- DESCRIPTION OF THE TASK
Find the line with "Шишете, фенирајте и" in the records below. Copy it and every line after it, up to and including the line with "Eleganta och tidlösa".

(Data items)
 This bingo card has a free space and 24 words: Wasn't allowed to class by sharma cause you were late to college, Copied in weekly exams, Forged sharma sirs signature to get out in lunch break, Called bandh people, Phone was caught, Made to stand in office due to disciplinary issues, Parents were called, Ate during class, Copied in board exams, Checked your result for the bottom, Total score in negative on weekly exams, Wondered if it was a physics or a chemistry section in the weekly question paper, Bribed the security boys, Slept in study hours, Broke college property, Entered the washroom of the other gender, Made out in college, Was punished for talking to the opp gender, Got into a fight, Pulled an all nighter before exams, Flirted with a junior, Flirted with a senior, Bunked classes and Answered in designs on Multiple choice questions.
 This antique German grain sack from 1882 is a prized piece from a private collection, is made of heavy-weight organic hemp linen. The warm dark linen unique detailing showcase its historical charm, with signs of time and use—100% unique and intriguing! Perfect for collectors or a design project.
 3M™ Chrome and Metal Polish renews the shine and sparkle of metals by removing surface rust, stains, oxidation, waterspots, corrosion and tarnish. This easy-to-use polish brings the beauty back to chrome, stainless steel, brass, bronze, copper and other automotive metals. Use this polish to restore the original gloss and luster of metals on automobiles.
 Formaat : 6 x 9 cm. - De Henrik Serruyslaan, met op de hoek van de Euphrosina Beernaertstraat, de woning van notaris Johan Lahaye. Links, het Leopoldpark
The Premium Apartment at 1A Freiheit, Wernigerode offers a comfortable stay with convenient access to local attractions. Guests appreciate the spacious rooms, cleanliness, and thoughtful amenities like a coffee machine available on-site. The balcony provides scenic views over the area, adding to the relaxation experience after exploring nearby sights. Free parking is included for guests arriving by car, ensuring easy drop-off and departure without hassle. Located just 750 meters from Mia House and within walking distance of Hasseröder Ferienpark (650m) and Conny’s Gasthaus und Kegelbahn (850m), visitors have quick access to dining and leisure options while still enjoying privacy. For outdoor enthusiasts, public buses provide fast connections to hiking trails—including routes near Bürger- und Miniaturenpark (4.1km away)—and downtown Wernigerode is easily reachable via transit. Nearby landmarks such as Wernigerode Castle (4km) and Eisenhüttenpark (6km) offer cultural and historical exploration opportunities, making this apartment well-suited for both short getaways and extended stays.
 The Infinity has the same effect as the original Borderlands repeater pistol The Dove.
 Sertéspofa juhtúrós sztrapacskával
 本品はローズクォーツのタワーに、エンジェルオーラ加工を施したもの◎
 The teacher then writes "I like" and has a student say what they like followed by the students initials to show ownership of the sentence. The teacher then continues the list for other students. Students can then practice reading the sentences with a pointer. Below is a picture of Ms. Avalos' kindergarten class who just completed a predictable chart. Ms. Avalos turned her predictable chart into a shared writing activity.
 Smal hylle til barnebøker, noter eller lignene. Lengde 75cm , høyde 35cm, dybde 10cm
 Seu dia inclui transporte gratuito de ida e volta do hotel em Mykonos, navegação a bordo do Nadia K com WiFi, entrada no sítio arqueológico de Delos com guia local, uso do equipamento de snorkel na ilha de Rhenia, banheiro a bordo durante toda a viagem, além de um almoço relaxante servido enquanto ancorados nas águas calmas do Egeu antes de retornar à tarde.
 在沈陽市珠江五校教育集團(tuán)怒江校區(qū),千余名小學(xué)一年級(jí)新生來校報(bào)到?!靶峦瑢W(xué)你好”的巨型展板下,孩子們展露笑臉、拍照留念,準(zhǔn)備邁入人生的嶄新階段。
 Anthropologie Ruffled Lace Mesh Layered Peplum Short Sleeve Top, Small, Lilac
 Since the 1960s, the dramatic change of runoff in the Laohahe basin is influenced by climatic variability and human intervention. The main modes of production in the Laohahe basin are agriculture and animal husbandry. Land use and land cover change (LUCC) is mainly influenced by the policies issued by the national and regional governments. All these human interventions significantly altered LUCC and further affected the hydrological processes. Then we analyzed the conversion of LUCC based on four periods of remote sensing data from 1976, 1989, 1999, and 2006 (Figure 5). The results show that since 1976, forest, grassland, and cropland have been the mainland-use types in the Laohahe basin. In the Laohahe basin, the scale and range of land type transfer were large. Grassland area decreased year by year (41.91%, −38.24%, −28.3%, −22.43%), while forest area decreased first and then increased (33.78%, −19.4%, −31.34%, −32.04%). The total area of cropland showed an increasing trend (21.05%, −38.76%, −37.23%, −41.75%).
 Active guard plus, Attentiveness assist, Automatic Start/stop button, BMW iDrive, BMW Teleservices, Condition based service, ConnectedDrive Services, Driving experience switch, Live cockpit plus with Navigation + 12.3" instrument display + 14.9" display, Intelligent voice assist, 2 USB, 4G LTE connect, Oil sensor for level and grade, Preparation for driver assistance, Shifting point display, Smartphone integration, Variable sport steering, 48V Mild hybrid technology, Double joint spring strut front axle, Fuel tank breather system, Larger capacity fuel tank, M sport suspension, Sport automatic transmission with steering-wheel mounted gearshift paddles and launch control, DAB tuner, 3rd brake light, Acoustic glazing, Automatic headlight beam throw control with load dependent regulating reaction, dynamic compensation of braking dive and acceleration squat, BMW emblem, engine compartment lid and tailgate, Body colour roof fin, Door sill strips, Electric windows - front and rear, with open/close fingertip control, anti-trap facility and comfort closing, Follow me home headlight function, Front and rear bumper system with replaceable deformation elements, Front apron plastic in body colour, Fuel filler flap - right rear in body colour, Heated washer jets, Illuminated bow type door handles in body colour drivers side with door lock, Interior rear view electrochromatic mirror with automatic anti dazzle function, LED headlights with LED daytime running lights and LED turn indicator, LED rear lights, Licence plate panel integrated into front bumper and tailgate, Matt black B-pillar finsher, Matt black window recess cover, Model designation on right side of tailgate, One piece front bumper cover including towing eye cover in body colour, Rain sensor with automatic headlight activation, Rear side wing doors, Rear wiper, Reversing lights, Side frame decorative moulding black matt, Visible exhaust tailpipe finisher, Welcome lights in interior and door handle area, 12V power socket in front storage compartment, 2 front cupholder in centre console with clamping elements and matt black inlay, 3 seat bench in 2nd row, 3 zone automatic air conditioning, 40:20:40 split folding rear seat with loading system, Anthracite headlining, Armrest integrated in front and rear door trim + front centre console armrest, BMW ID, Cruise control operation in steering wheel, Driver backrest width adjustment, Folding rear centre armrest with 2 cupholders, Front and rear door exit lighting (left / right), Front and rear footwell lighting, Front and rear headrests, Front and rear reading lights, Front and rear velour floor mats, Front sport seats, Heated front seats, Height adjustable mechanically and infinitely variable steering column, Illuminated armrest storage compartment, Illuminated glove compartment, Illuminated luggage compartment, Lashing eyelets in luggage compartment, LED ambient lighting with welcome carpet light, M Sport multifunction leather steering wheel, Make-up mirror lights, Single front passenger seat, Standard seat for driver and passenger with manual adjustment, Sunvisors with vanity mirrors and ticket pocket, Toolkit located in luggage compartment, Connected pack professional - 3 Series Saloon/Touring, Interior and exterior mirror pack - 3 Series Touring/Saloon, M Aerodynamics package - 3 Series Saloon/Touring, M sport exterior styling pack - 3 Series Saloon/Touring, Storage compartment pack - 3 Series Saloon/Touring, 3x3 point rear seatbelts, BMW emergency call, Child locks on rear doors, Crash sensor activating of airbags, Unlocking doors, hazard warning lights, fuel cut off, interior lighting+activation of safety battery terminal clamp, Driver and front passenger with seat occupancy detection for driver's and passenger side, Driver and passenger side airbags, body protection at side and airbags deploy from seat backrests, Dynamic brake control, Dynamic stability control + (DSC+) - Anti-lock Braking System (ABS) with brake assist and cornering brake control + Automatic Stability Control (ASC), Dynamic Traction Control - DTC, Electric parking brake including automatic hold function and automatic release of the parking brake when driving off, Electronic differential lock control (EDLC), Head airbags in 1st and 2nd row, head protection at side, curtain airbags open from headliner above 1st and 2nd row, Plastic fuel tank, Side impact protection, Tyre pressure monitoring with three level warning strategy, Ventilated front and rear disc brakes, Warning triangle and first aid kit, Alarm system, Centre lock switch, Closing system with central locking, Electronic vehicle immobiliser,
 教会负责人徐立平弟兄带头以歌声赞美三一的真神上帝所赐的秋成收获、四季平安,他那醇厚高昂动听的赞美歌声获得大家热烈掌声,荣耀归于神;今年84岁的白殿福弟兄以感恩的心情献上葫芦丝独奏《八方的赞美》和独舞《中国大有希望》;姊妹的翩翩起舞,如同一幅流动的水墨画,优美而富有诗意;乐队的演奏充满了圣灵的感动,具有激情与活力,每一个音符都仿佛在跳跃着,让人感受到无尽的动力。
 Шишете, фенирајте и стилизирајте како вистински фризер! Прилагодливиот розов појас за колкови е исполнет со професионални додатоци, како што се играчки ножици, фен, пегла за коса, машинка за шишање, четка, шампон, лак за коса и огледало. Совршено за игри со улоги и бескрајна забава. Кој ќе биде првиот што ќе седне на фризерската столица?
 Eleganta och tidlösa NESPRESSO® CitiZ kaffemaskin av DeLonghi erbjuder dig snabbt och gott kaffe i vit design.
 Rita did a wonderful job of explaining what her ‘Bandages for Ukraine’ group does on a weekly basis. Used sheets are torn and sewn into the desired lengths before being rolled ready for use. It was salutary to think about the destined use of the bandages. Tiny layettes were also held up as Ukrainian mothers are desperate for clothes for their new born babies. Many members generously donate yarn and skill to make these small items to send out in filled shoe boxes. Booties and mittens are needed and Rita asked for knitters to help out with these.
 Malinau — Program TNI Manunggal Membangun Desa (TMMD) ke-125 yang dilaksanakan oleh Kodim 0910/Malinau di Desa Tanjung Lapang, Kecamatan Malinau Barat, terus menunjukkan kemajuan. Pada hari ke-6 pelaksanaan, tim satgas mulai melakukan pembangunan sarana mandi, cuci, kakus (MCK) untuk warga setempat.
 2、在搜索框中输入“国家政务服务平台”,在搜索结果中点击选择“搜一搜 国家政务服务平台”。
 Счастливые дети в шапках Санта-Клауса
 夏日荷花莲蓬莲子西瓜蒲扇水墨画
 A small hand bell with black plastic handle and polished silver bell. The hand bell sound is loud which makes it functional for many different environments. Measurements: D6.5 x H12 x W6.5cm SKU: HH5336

- SOLVED PROBLEM
 Шишете, фенирајте и стилизирајте како вистински фризер! Прилагодливиот розов појас за колкови е исполнет со професионални додатоци, како што се играчки ножици, фен, пегла за коса, машинка за шишање, четка, шампон, лак за коса и огледало. Совршено за игри со улоги и бескрајна забава. Кој ќе биде првиот што ќе седне на фризерската столица?
 Eleganta och tidlösa NESPRESSO® CitiZ kaffemaskin av DeLonghi erbjuder dig snabbt och gott kaffe i vit design.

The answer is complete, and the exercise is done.